Explainable machine learning models of major crop traits from satellite-monitored continent-wide field trial data – Nature Plants
Four species of grass generate half of all human-consumed calories. However, abundant biological data on species that produce our food remain largely inaccessible, imposing direct barriers to understanding crop yield and fitness traits. Here, we assemble and analyse a continent-wide database of field experiments spanning 10 years and hundreds of thousands of machine-phenotyped populations of ten major crop species. Training an ensemble of machine learning models, using thousands of variables capturing weather, ground sensor, soil, chemical and fertilizer dosage, management and satellite data, produces robust cross-continent yield models exceeding R2 = 0.8 prediction accuracy. In contrast to ‘black box’ analytics, detailed interrogation of these models reveals drivers of crop behaviour and complex interactions predicting yield and agronomic traits. These results demonstrate the capacity of machine learning models to interrogate large datasets, generate new and testable outputs and predict crop behaviour, highlighting the powerful role of data in the future of food.

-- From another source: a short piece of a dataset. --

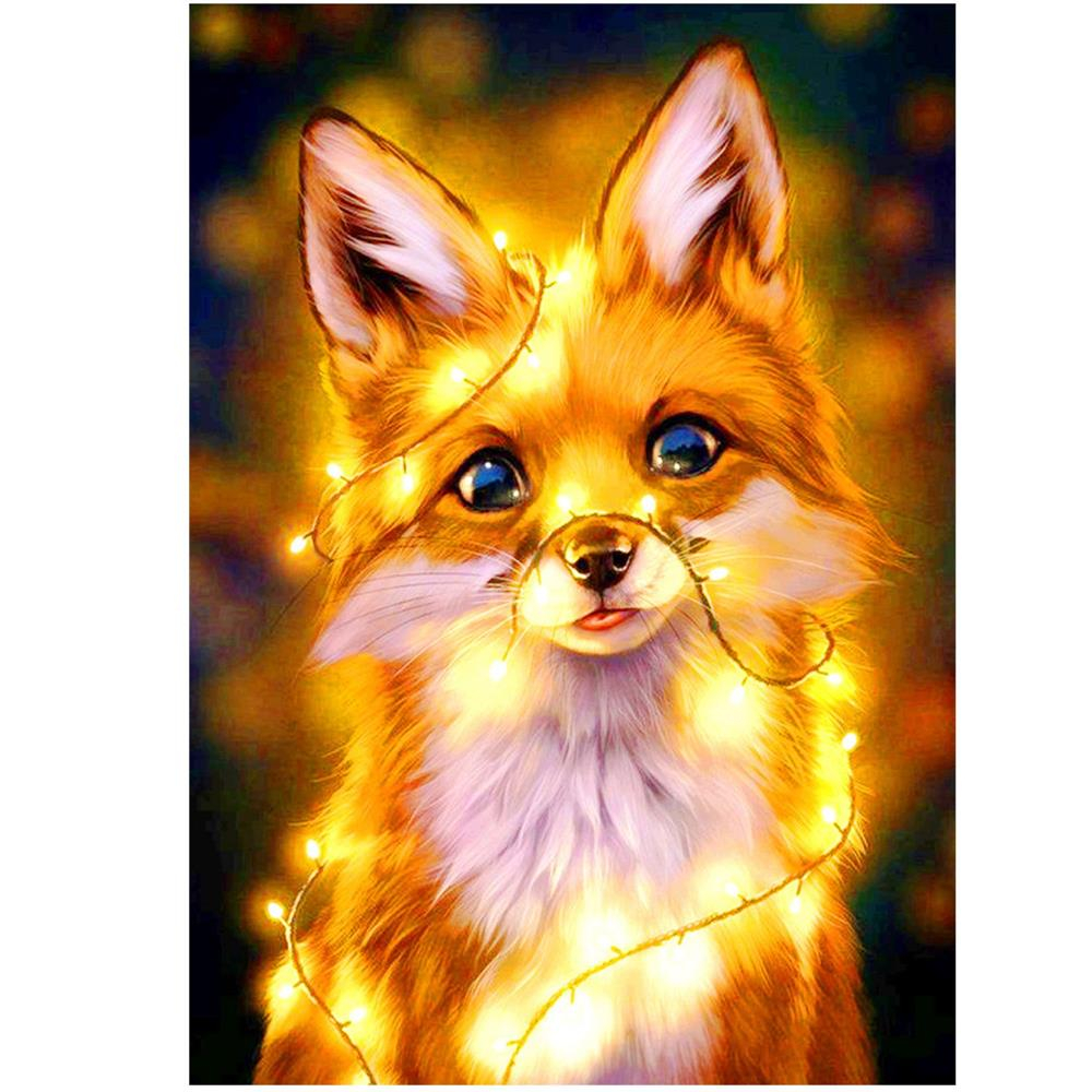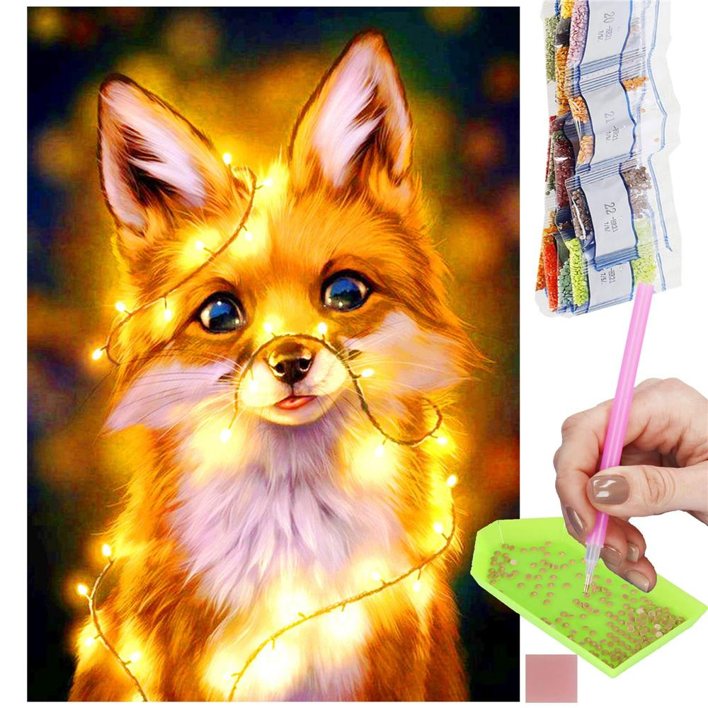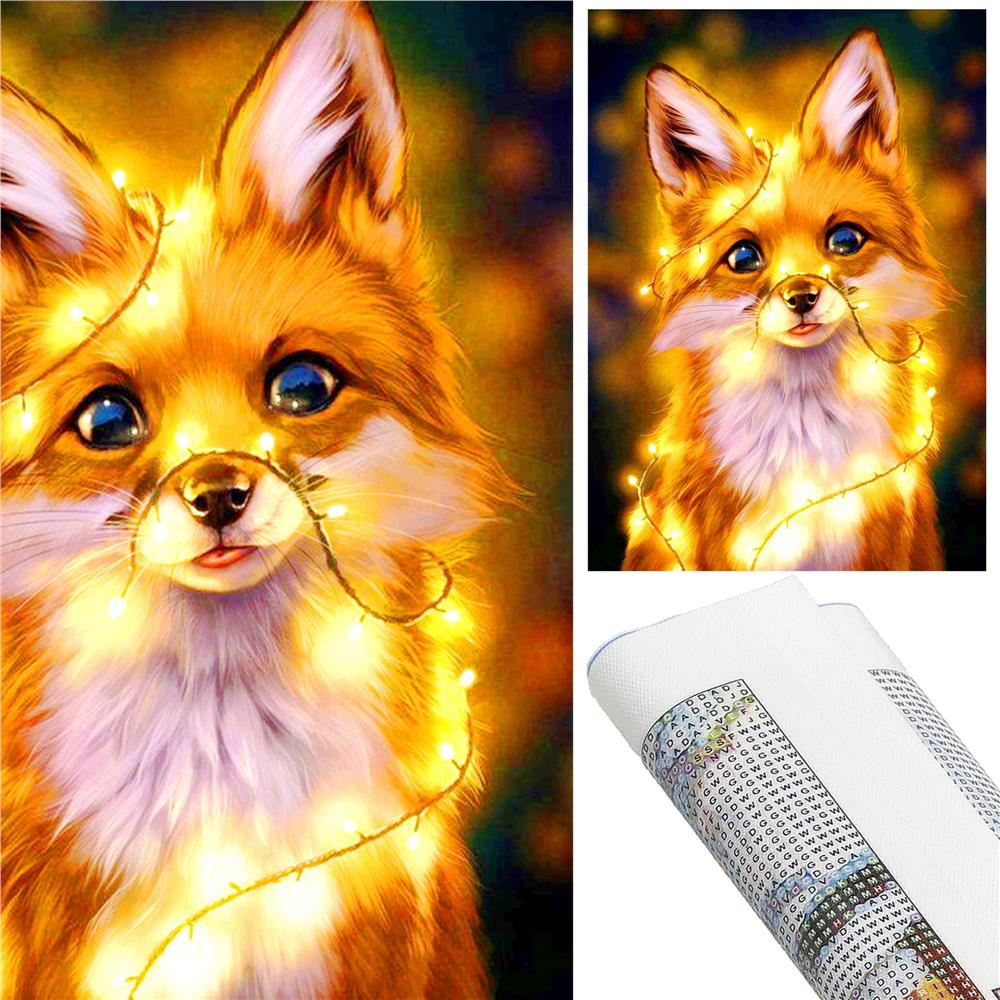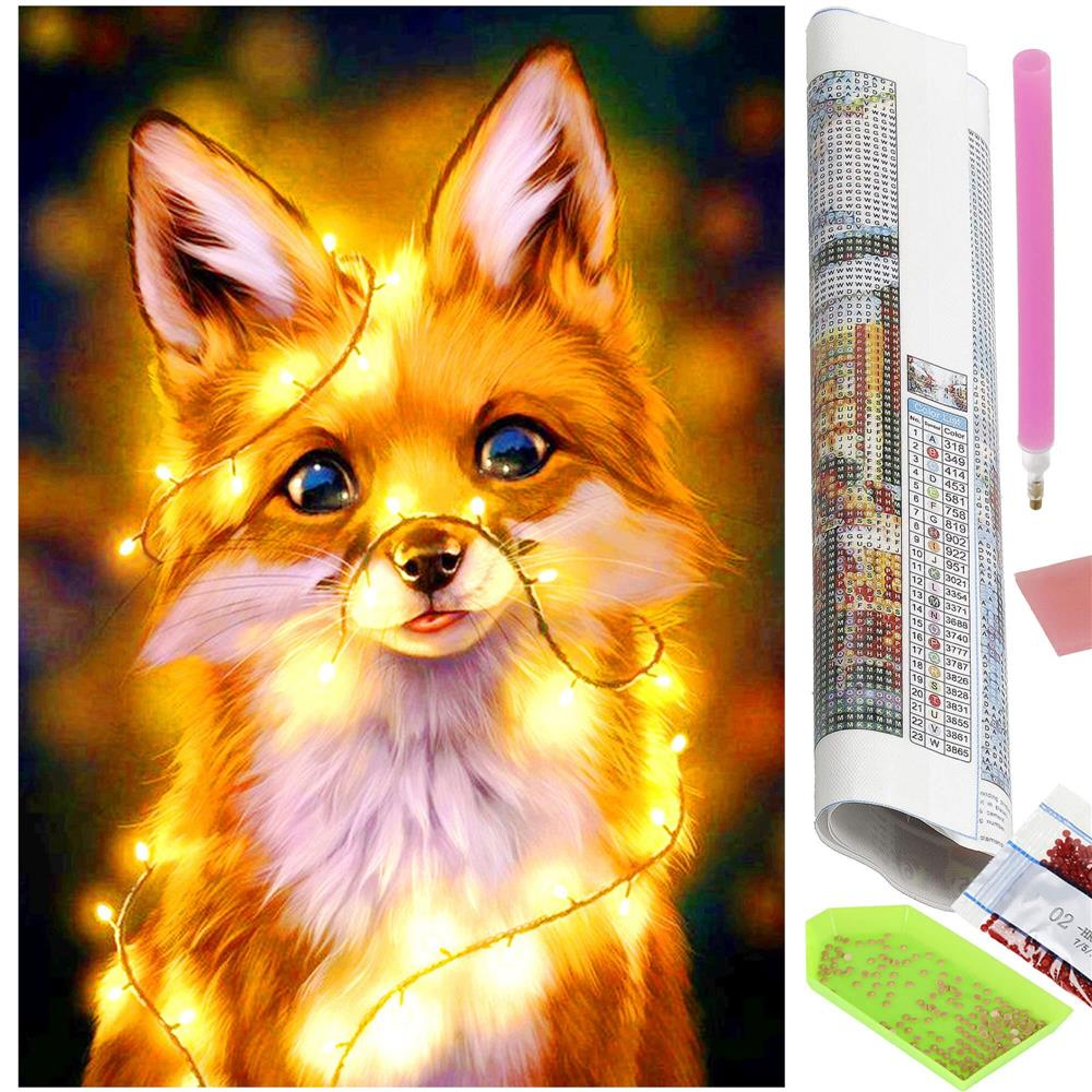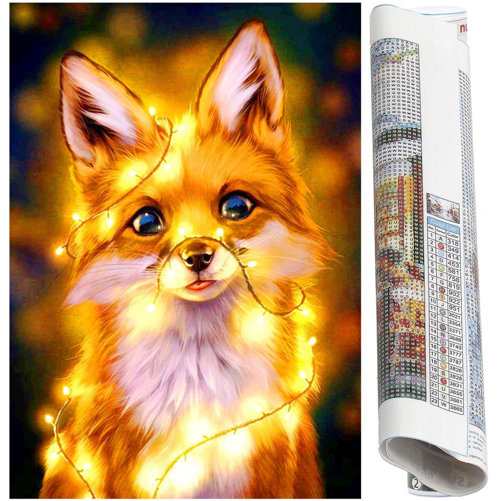 Set de broderie cu diamante 5D, 30x40cm, model Vulpe

All data are available from the Supplementary Information, the linked database descriptor publication5 uploaded to Scientific Data and the figshare7 repository, after screening under our own extensive imputations and quality controls and freely available for research or non-commercial purposes under a CC-BY-NC 3.0 license. Some data available in this repository5 are, alternately, available as a dataset on the Grains Research and Development Corporation website published under a CC-BY-NC 3.0 AU license. The dataset is based predominantly on data sourced from GRDC and GRDC’s extensive investment in the collection, development and presentation of that dataset is acknowledged; however, the dataset has not been subject to GRDC’s quality control processes, does not include updates and corrections that have been made to the dataset and as such may be unreliable such that results of research based on the dataset should not be relied on for any purpose; and any person wishing to conduct research using the original NVT data must approach GRDC directly with a research proposal, noting that terms and conditions may apply. Alternately, the extensively quality-controlled and imputed figshare repository remains freely accessible for research under a creative commons license7.